To do ▸ Set down a faithful copy of every record, and skip the pictures in it.

──────── Material for this task

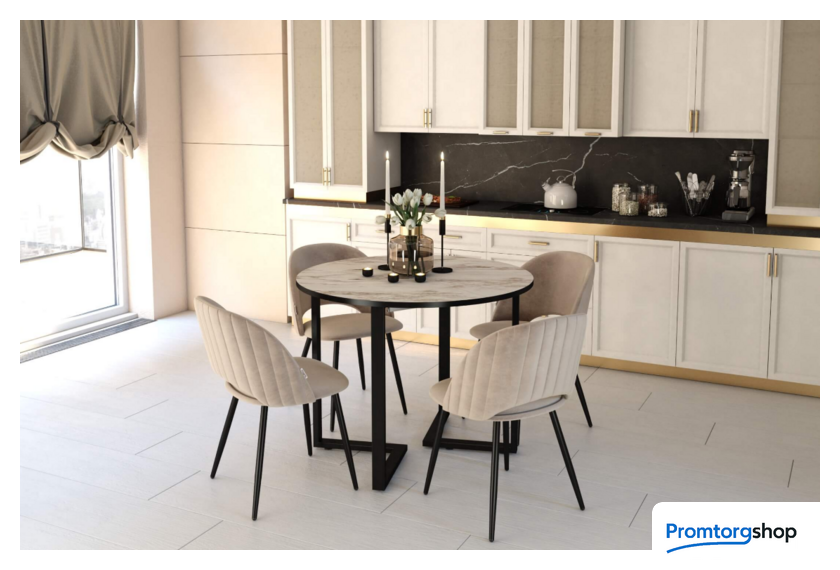 | Тип | Для совместных трапез - готовый обеденный комплект с удобными стульями. Можно выбрать другие цвета стульев и стола. В комплект входит один стол: - SHT-T41 100-140 В комплект входит четыре стула: - каркас S34-1 - сидение ST95-1 ЭРГОНОМИЧНАЯ КОНСТРУКЦИЯ Изделие оснащено простым раздвижным механизмом бесцаргового типа. В собранном виде по центру столешницы имеется стыковочный шов. Выдвижную часть необходимо хранить отдельно. Для того, чтобы разложить стол, нужно: 1.Раздвинуть в стороны обе половинки столешницы. 2. Затем достать центральную часть и вставить ее в пазы. 3. После чего сдвинуть назад боковые половинки до характерного щелчка. Это значит, что все части конструкции зафиксировались в правильном и неподвижном положении. При таком способе раскладки длина сола меняется с круглой на овальную и увеличивается от 1000 мм до 1400 мм. ПРОЧНОСТЬ И ДОЛГОВЕЧНОСТЬ Прочная столешница из МДФ 22 мм со слоем декоративного пластика HPL 1,2 мм. Надежное металлическое основание окрашено порошковой краской, устойчивой к механическому воздействию. Каркас выполнен из трубы 50х25 мм толщиной 1,2 мм. В сложенном состоянии стол умещает 4 человека, а в разложенном до 6 человек. Выдерживает продолжительные нагрузки - максимальная статическая нагрузка до 50 кг. Опоры выполнены из металлической трубы диаметром 25 мм. Окрашены порошковой краской, устойчивой к механическому воздействию. Максимальная статическая нагрузка на каркас – 260 кг. ЛЕГКИЙ И ПРОСТОЙ УХОД Раздвижной стол для кухни неприхотлив в уходе. Возникшие загрязнения протрите влажной, а после чистой сухой тканью, при необходимости можно использовать слабый мыльный раствор. Для хранения и содержания стола не требуются особые условия. СТИЛЬНЫЙ ДИЗАЙН заключен в красиво очерченном вырезе внизу снинки сидения. Такой элемент придает готовому стулу воздушности и удобство в использовании. Необычный дизайн ножек не только добавляет в интерьер ломаных линий, но и позволяет сэкономить пространство для ног. Выпуклый рисунок натурального камня на столешнице отлично дополнит классический интерьер обеденной зоны. ПРЕКРАСНАЯ ЭРГОНОМИКА сидения обеспечивает удобную посадку и комфортное времяпровождение. Стул с опорами SHT-S129 обеспечит удобную посадку и комфортное времяпровождение. МЯГКОЕ СИДЕНИЕ. Обивка выполнена из микровелюра, в качестве мягкого наполнителя используется поролон. Такое сидение обеспечит удобную посадку, необходимую для полного расслабления. |
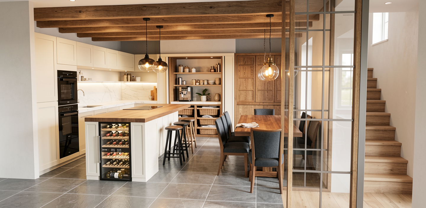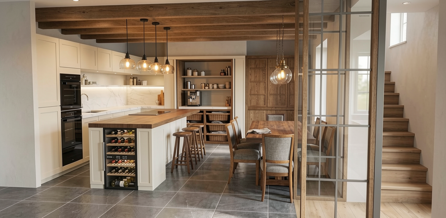 add three small wicker pendant lights above kitchen island change nothing else to image
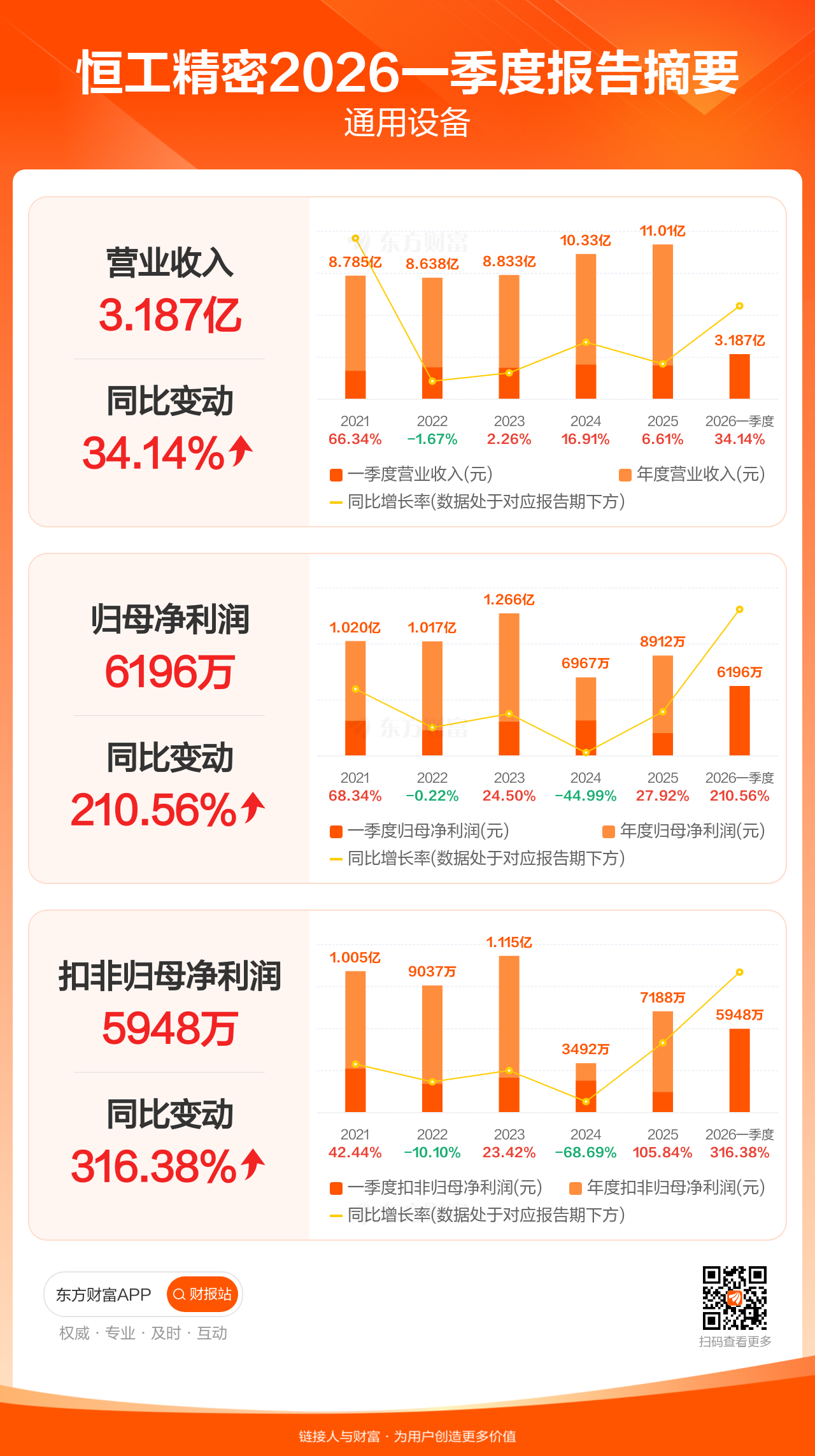 恒工精密4月28日发布2026年一季报显示,公司一季度实现营业收入3.19亿元,同比增长34.14%;归母净利润6195.84万元,同比增长210.56%;扣非归母净利润5947.71万元,同比增长316.38%。
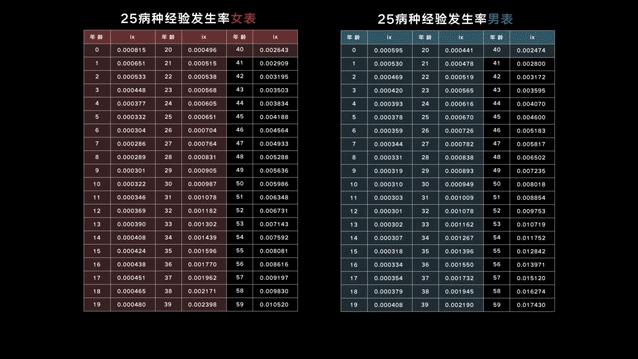 根据统计来看,0 - 40 岁发生 25 种重大疾病的概率大概是3%。
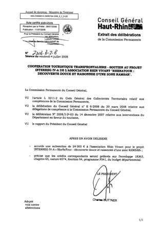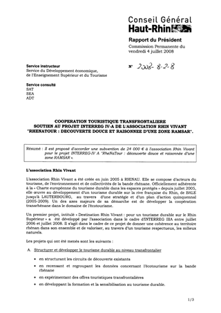 Coopération touristique transfrontalière Soutien au projet INTERREG IV-A de l'Association Rhin vivant RHENATOUR Découverte douce et raisonnée d'une zone RAMSAR
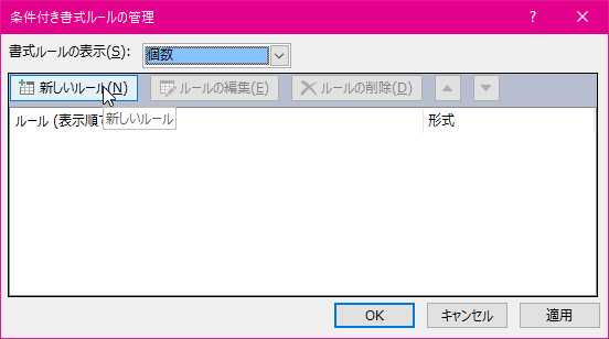 - [書式ルールの表示]ボックスから対象となるフィールドを選択し[新しいルール]ボタンをクリックします。
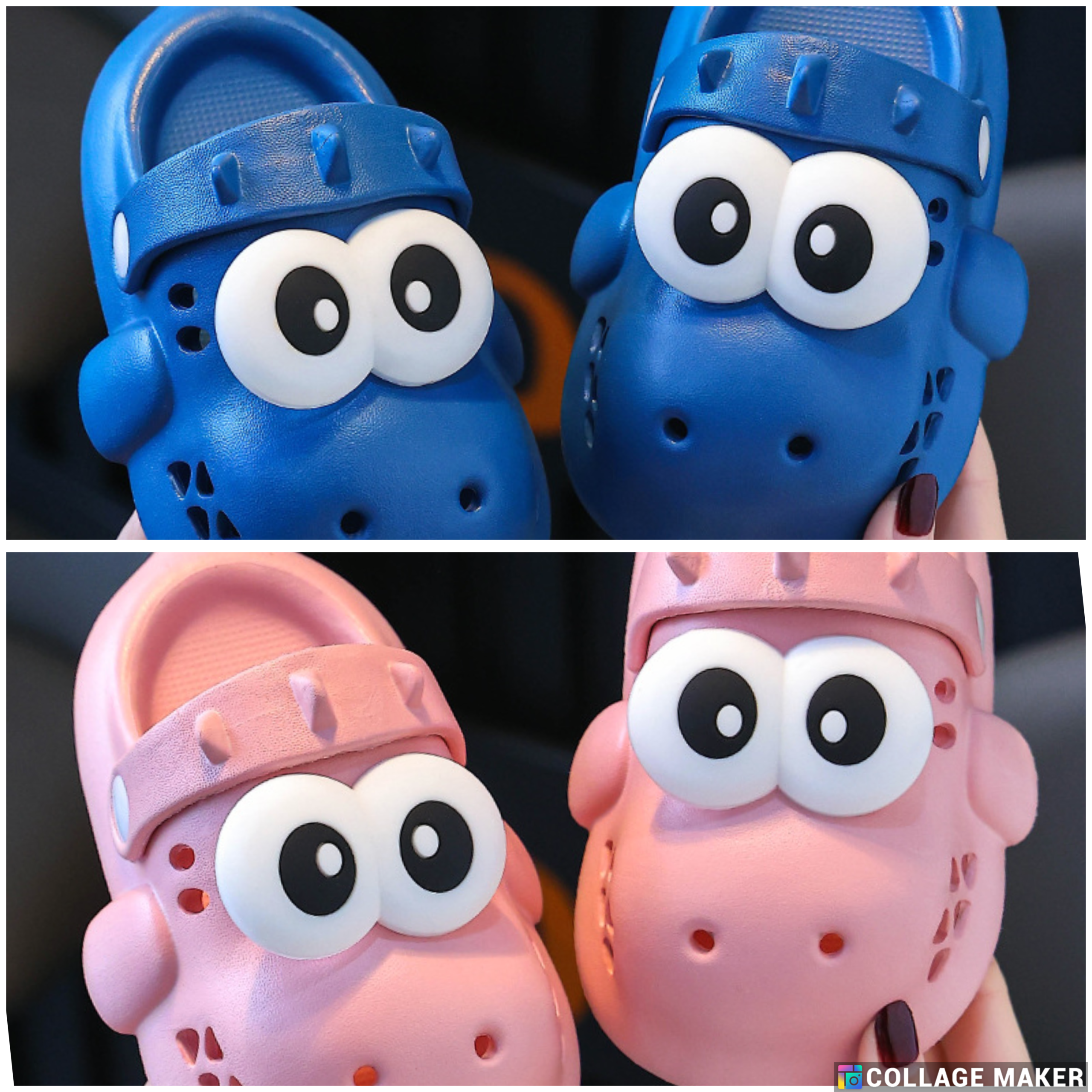 Unisex Kids Blue Dinosaur Face Crocs Shoes – Cartoon Slip-On Sandals
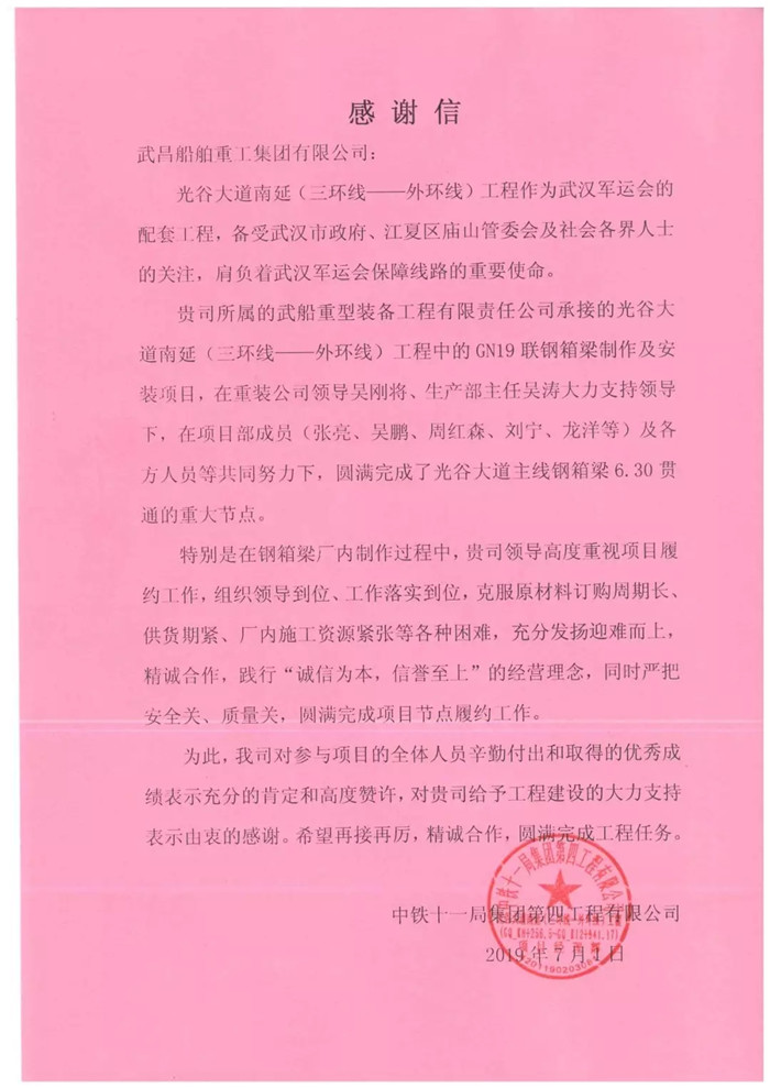 光谷大道南延(三環(huán)線?C?C外環(huán)線)工程作為武漢軍運(yùn)會(huì)的配套工程,備受武漢市政府、江夏區(qū)廟山管委會(huì)和社會(huì)各界人士的關(guān)注,并肩負(fù)著武漢軍運(yùn)會(huì)保障線路的重要使命。武船集團(tuán)重裝公司承接的光谷大道南延(三環(huán)線?C?C外環(huán)線)工程中的GN19聯(lián)鋼箱梁制造及安裝任務(wù),結(jié)構(gòu)重量3347噸,共計(jì)82個(gè)節(jié)段,在各方人員共同努力下,圓滿完成了光谷大道主線鋼箱梁貫通的重大節(jié)點(diǎn)。特別是在鋼箱梁廠內(nèi)制作過(guò)程中,重裝公司高度重視項(xiàng)目節(jié)點(diǎn)履約工作,組織領(lǐng)導(dǎo)到位、工作落實(shí)到位,克服了原材料訂購(gòu)周期長(zhǎng)、供貨期緊、廠內(nèi)施工資源緊張等各種困難,充分發(fā)揚(yáng)迎難而上,精誠(chéng)合作,踐行“誠(chéng)信為本,信譽(yù)至上”的經(jīng)營(yíng)理念,同時(shí)嚴(yán)把安全關(guān)、質(zhì)量關(guān),圓滿完成項(xiàng)目節(jié)點(diǎn)履約工作。
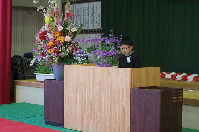 児童代表として1年Yくん、3年Nくん、5年Hさんが今年一年の自分を振り返って意見を述べました。
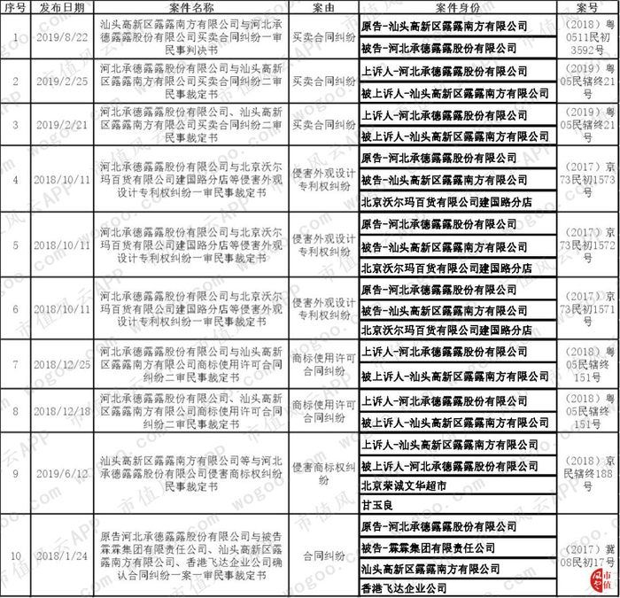 2015年起,承德露露开始频频对汕头露露提起商标侵权诉讼,指出《备忘录》和《补充备忘录》的签署未履行任何法定程序,造成承德露露拥有的商标、专利等无形资产使用权存在严重缺陷等,请求法院确认其无效,要求汕头露露停止生产、销售侵犯承德露露商标权的侵权产品。
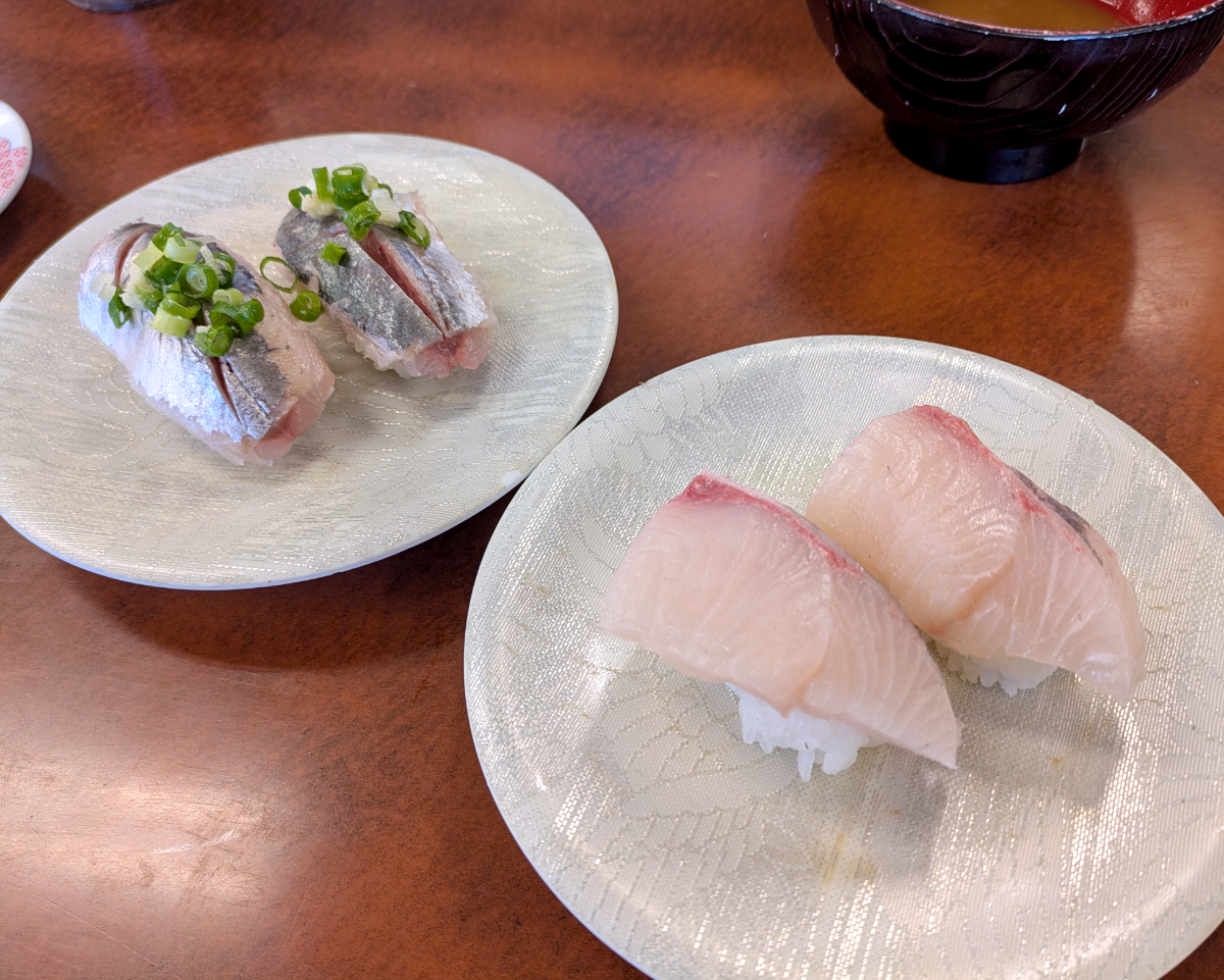 もう少しつまみたかったので、別途「かんぱち」と「生あじ」(各税別280円)を注文し、私の愉快なランチタイムは終了した。いうまでもなく大満足だ。

────────────────

Task response ▸
 | Тип | Для совместных трапез - готовый обеденный комплект с удобными стульями. Можно выбрать другие цвета стульев и стола. В комплект входит один стол: - SHT-T41 100-140 В комплект входит четыре стула: - каркас S34-1 - сидение ST95-1 ЭРГОНОМИЧНАЯ КОНСТРУКЦИЯ Изделие оснащено простым раздвижным механизмом бесцаргового типа. В собранном виде по центру столешницы имеется стыковочный шов. Выдвижную часть необходимо хранить отдельно. Для того, чтобы разложить стол, нужно: 1.Раздвинуть в стороны обе половинки столешницы. 2. Затем достать центральную часть и вставить ее в пазы. 3. После чего сдвинуть назад боковые половинки до характерного щелчка. Это значит, что все части конструкции зафиксировались в правильном и неподвижном положении. При таком способе раскладки длина сола меняется с круглой на овальную и увеличивается от 1000 мм до 1400 мм. ПРОЧНОСТЬ И ДОЛГОВЕЧНОСТЬ Прочная столешница из МДФ 22 мм со слоем декоративного пластика HPL 1,2 мм. Надежное металлическое основание окрашено порошковой краской, устойчивой к механическому воздействию. Каркас выполнен из трубы 50х25 мм толщиной 1,2 мм. В сложенном состоянии стол умещает 4 человека, а в разложенном до 6 человек. Выдерживает продолжительные нагрузки - максимальная статическая нагрузка до 50 кг. Опоры выполнены из металлической трубы диаметром 25 мм. Окрашены порошковой краской, устойчивой к механическому воздействию. Максимальная статическая нагрузка на каркас – 260 кг. ЛЕГКИЙ И ПРОСТОЙ УХОД Раздвижной стол для кухни неприхотлив в уходе. Возникшие загрязнения протрите влажной, а после чистой сухой тканью, при необходимости можно использовать слабый мыльный раствор. Для хранения и содержания стола не требуются особые условия. СТИЛЬНЫЙ ДИЗАЙН заключен в красиво очерченном вырезе внизу снинки сидения. Такой элемент придает готовому стулу воздушности и удобство в использовании. Необычный дизайн ножек не только добавляет в интерьер ломаных линий, но и позволяет сэкономить пространство для ног. Выпуклый рисунок натурального камня на столешнице отлично дополнит классический интерьер обеденной зоны. ПРЕКРАСНАЯ ЭРГОНОМИКА сидения обеспечивает удобную посадку и комфортное времяпровождение. Стул с опорами SHT-S129 обеспечит удобную посадку и комфортное времяпровождение. МЯГКОЕ СИДЕНИЕ. Обивка выполнена из микровелюра, в качестве мягкого наполнителя используется поролон. Такое сидение обеспечит удобную посадку, необходимую для полного расслабления. |
 add three small wicker pendant lights above kitchen island change nothing else to image
 恒工精密4月28日发布2026年一季报显示,公司一季度实现营业收入3.19亿元,同比增长34.14%;归母净利润6195.84万元,同比增长210.56%;扣非归母净利润5947.71万元,同比增长316.38%。
 根据统计来看,0 - 40 岁发生 25 种重大疾病的概率大概是3%。
 Coopération touristique transfrontalière Soutien au projet INTERREG IV-A de l'Association Rhin vivant RHENATOUR Découverte douce et raisonnée d'une zone RAMSAR
 - [書式ルールの表示]ボックスから対象となるフィールドを選択し[新しいルール]ボタンをクリックします。
 Unisex Kids Blue Dinosaur Face Crocs Shoes – Cartoon Slip-On Sandals
 光谷大道南延(三環(huán)線?C?C外環(huán)線)工程作為武漢軍運(yùn)會(huì)的配套工程,備受武漢市政府、江夏區(qū)廟山管委會(huì)和社會(huì)各界人士的關(guān)注,并肩負(fù)著武漢軍運(yùn)會(huì)保障線路的重要使命。武船集團(tuán)重裝公司承接的光谷大道南延(三環(huán)線?C?C外環(huán)線)工程中的GN19聯(lián)鋼箱梁制造及安裝任務(wù),結(jié)構(gòu)重量3347噸,共計(jì)82個(gè)節(jié)段,在各方人員共同努力下,圓滿完成了光谷大道主線鋼箱梁貫通的重大節(jié)點(diǎn)。特別是在鋼箱梁廠內(nèi)制作過(guò)程中,重裝公司高度重視項(xiàng)目節(jié)點(diǎn)履約工作,組織領(lǐng)導(dǎo)到位、工作落實(shí)到位,克服了原材料訂購(gòu)周期長(zhǎng)、供貨期緊、廠內(nèi)施工資源緊張等各種困難,充分發(fā)揚(yáng)迎難而上,精誠(chéng)合作,踐行“誠(chéng)信為本,信譽(yù)至上”的經(jīng)營(yíng)理念,同時(shí)嚴(yán)把安全關(guān)、質(zhì)量關(guān),圓滿完成項(xiàng)目節(jié)點(diǎn)履約工作。
 児童代表として1年Yくん、3年Nくん、5年Hさんが今年一年の自分を振り返って意見を述べました。
 2015年起,承德露露开始频频对汕头露露提起商标侵权诉讼,指出《备忘录》和《补充备忘录》的签署未履行任何法定程序,造成承德露露拥有的商标、专利等无形资产使用权存在严重缺陷等,请求法院确认其无效,要求汕头露露停止生产、销售侵犯承德露露商标权的侵权产品。
 もう少しつまみたかったので、別途「かんぱち」と「生あじ」(各税別280円)を注文し、私の愉快なランチタイムは終了した。いうまでもなく大満足だ。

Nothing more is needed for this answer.